In a single among the closing sentences I talked about the Kraft-McMillan inequality (each and every so again and again McMillan is forgotten).

It is core message is: if sum(2^-codeLength[0...numCodes]) then a prefix-free code exists.


   Ideally you are trying to bear sum(2^-codeLength[0...numCodes]) = 1 ("equal" in establish of dwelling of "much less-than or "equal") because the rest is inefficient.



   The Huffman algorithm repeatedly presents you sum = 1. The Kit-Merge algorithm has the same property.
   The following dimension-limiting methods alter code lengths within the kind of capacity that the utmost code dimension is enforced ("dinky") while the inequality calm holds upright.
   Clutch that you ran the Huffman algorithm and situated out that a pair of codes are too prolonged. You know that sum = 1.



   A truly powerful insight is that making one among such prolonged codes finest one bit shorter increments the sum, thus violating the inequality: 

newSum = sum - 2^-oldLength + 2^-newLength = sum - 2^-oldLength + 2^(oldLength-1) = sum + 2^-oldLength
   Nonetheless, if there is any other image with a code dimension that is shorter than your required maxLength we can invent it one bit longer to offset our replace.

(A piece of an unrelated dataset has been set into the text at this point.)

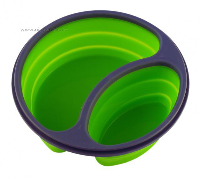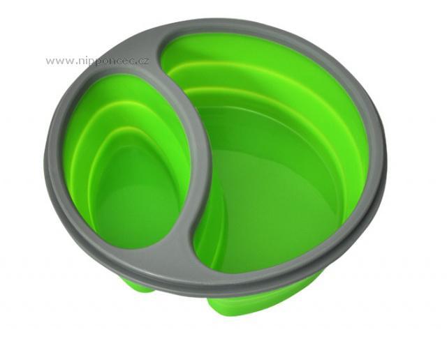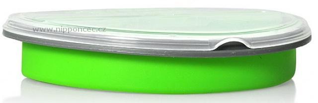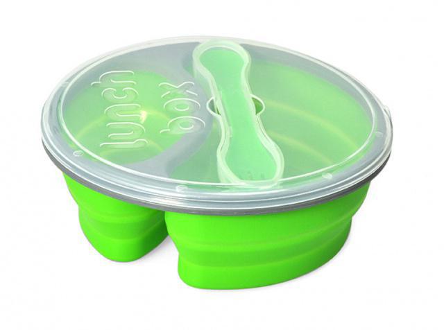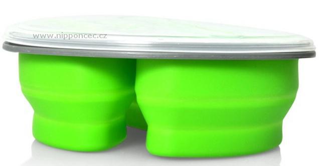 Silikonová přepravka na potraviny je ideální pro ohřev jídla v mikrovlnné troubě. Moderní desingn s dvěma přihrádkami. Ve víku je umístěna plastová vidlička-lžička 2 v jednom. Konstrukce jídlonosiče je skládací, pro snadné uskladnění. Velmi snadno se čistí, nevyžaduje olejování. Krabička na jídlo neabsorbuje pachy a je odolná vůči nečistotám.

   The formula is virtually the same (but plus one in establish of dwelling of minus one within the exponent).



   Somewhat mighty all algorithm talked about within the follwing chapters pair prolonged with short codes such that the fresh dimension restrict is respected and the inequality holds upright.
JPEG's Length-Limiting Intention
   This is the shortest algorithm. It might probably be found out in Annex Okay.3 of the JPEG regular ITU T.81 alongside with a nice drift plan.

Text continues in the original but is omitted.